[Stored items]
□ □ □ □ □ □ □
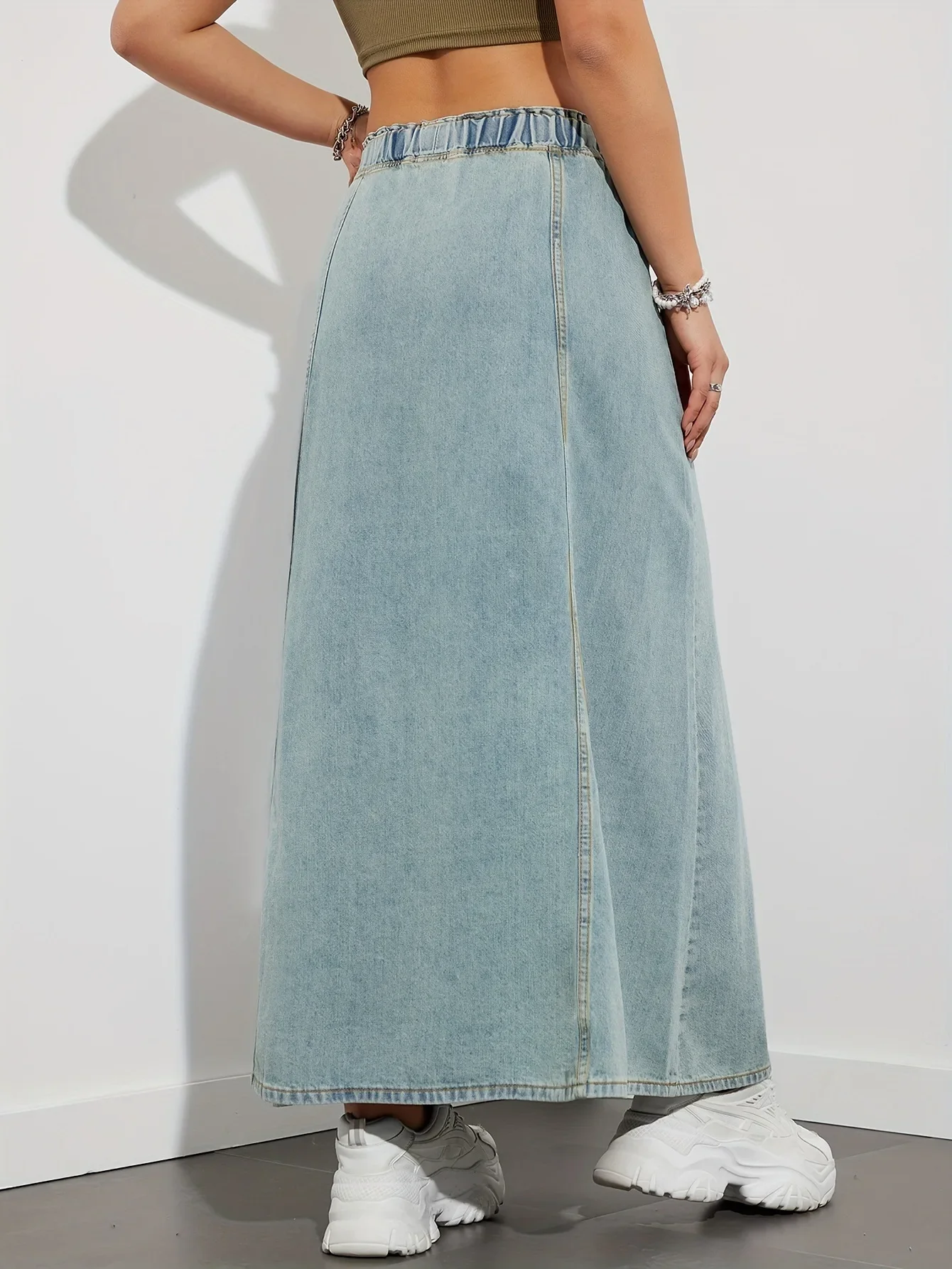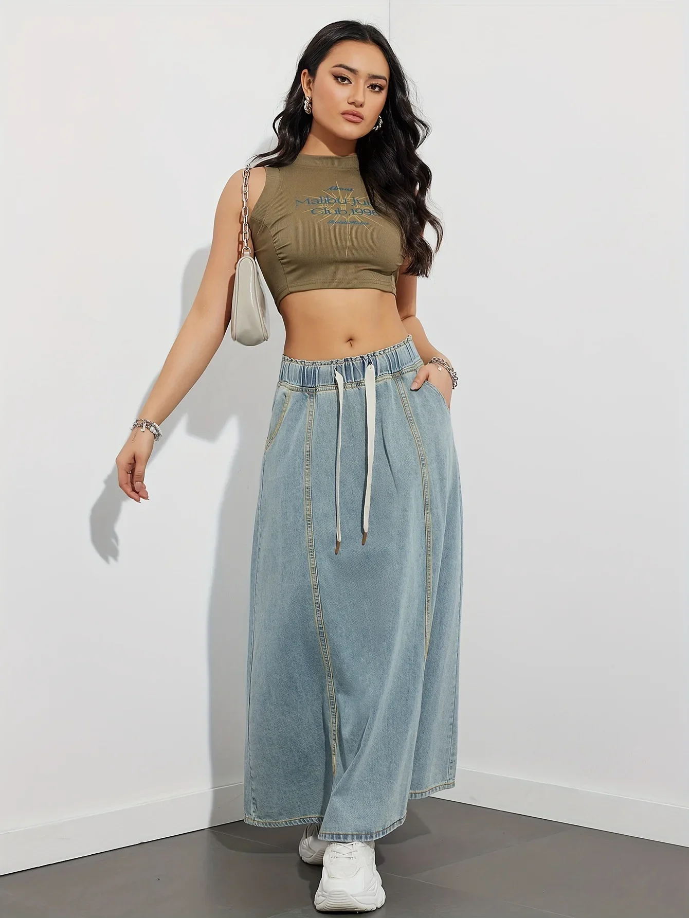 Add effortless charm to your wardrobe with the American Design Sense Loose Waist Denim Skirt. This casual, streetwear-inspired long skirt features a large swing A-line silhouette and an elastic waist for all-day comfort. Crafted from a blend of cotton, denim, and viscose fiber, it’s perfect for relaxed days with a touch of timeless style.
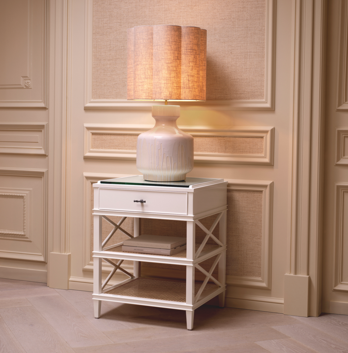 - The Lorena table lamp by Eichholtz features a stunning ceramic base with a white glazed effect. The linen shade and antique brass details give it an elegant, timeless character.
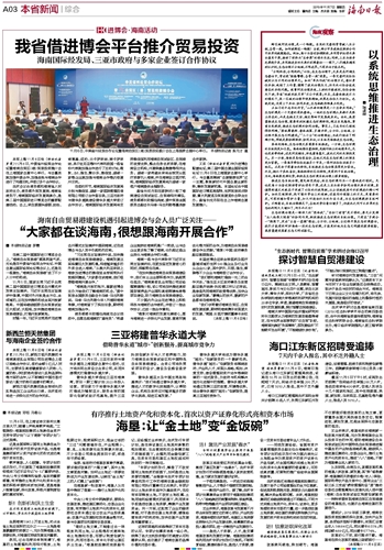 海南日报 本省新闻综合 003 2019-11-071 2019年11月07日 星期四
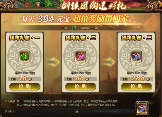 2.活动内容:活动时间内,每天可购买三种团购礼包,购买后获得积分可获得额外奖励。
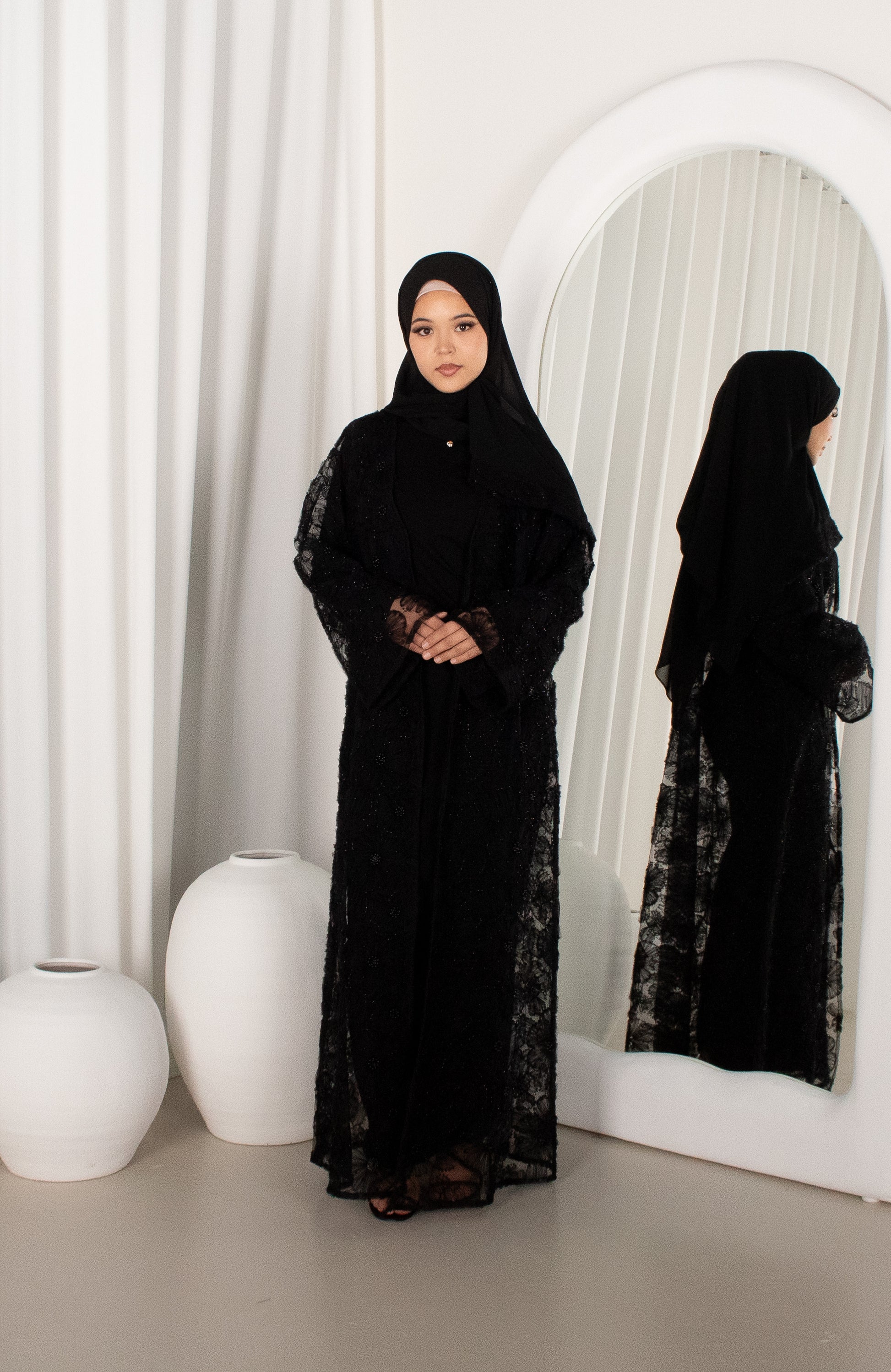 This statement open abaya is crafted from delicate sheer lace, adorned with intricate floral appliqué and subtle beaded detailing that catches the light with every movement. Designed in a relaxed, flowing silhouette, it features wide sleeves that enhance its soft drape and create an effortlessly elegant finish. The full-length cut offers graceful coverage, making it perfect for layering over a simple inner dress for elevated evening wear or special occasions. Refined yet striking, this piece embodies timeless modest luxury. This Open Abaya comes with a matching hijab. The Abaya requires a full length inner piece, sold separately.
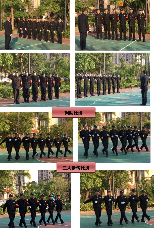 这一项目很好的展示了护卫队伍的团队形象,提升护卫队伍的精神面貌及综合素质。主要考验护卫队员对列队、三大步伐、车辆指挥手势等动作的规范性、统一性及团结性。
□ □ □ □ □ □ □
— Problem requirements —
Transcribe only this stretch of the data: the line with "- The Lorena", the line with "2.活动内容:活动时间内,每", and every line in between. Leave out the pictures.

— Output for this exercise —
 - The Lorena table lamp by Eichholtz features a stunning ceramic base with a white glazed effect. The linen shade and antique brass details give it an elegant, timeless character.
 海南日报 本省新闻综合 003 2019-11-071 2019年11月07日 星期四
 2.活动内容:活动时间内,每天可购买三种团购礼包,购买后获得积分可获得额外奖励。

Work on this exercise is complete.